An Engolpion or Enkolpion (Greek: ἐγκόλπιον, enkólpion, "on the chest"; plural: ἐγκόλπια, enkólpia) is a general term for something worn upon the bosom Formerly also including pectoral crosses, Enkolpion is nowadays used for a medallion with an icon in the center, worn around the neck by Orthodox and Eastern Catholic bishops. The icon is normally surrounded by jewels (usually paste) and topped by an Eastern-style mitre, and will often have a small jewelled pendant hanging down at the bottom. The engolpion is suspended from the neck by a long gold chain, sometimes made up of intricate links. A portion of the chain will often be joined together with a small ring behind the neck so that it hangs down the back. Engolpia come in many different shapes, including oval, rhombus, square, or a double-headed eagle.

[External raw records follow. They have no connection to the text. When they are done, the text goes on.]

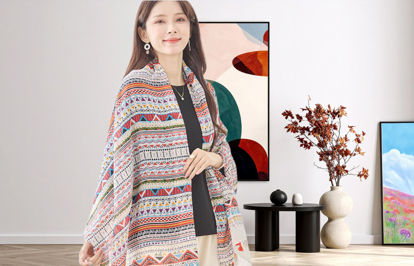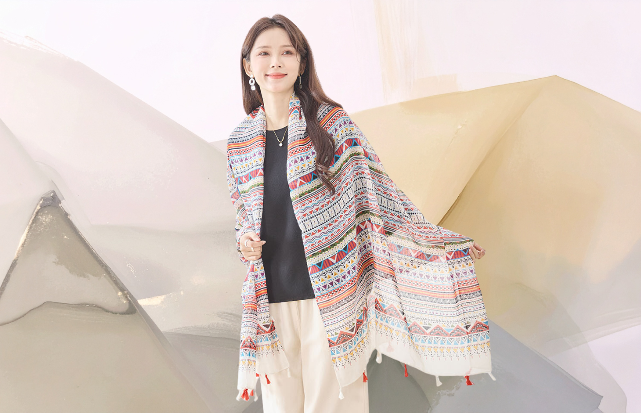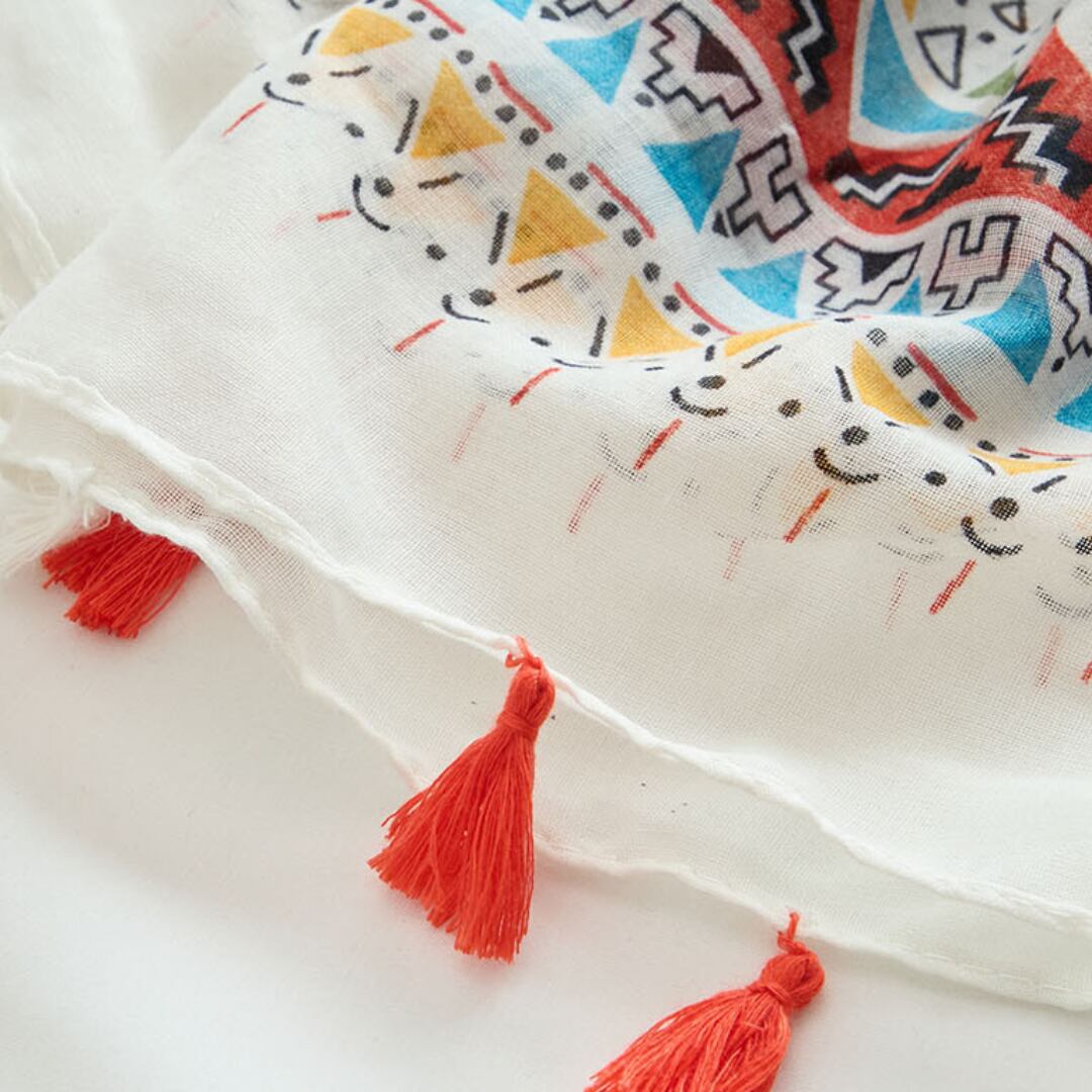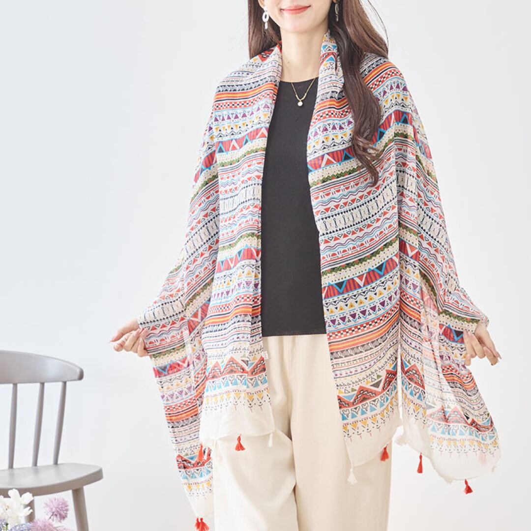 キーワード:#ストール #タッセル #プリント #アイボリー #おしゃれ #デイリーユース #特別な日 #持ち運び便利
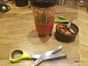 - While the chicken is baking for the last 15 minutes, put the rest of the can of stewed tomatoes and tomato paste in a blender (I used the bullet) and blend smooth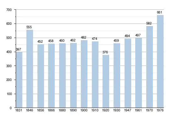 - Sources : INS, Rem. : 1831 jusqu'en 1970 = recensements, 1976 = nombre d'habitants au 31 décembre.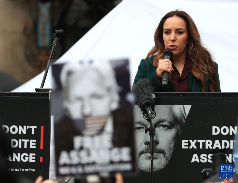 2月21日,在位于倫敦的英國高等法院外,阿桑奇的妻子斯特拉參加集會活動。新華社記者 李穎 攝

All bishops wear a particular kind of engolpion called a Panagia (Greek: Παναγία), which depicts the Theotokos (Virgin Mary). All primates and some bishops below primatial rank have the dignity of wearing a second engolpion, which usually depicts Jesus. Occasionally, and archimandrite may be awarded an engolpion which bears not an icon of Christ or the Theotokos, but of the Cross. The enkolpion may be worn at all times as part of the bishop's street dress or choir dress. When the bishop vests for Divine Services, he will wear also a pectoral cross. When a bishop is vested before the Divine Liturgy, if he has the dignity of wearing an enkolpion in addition to the Panagia, the Protodeacon chants the following prayer as the subdeacons place it on the bishop: "Thy heart is inditing of a good matter; thou shalt speak of the deeds unto the King, always, now and ever, and unto the ages of age. Amen".

Some enkolpia are hollow, so they may be used as a reliquary.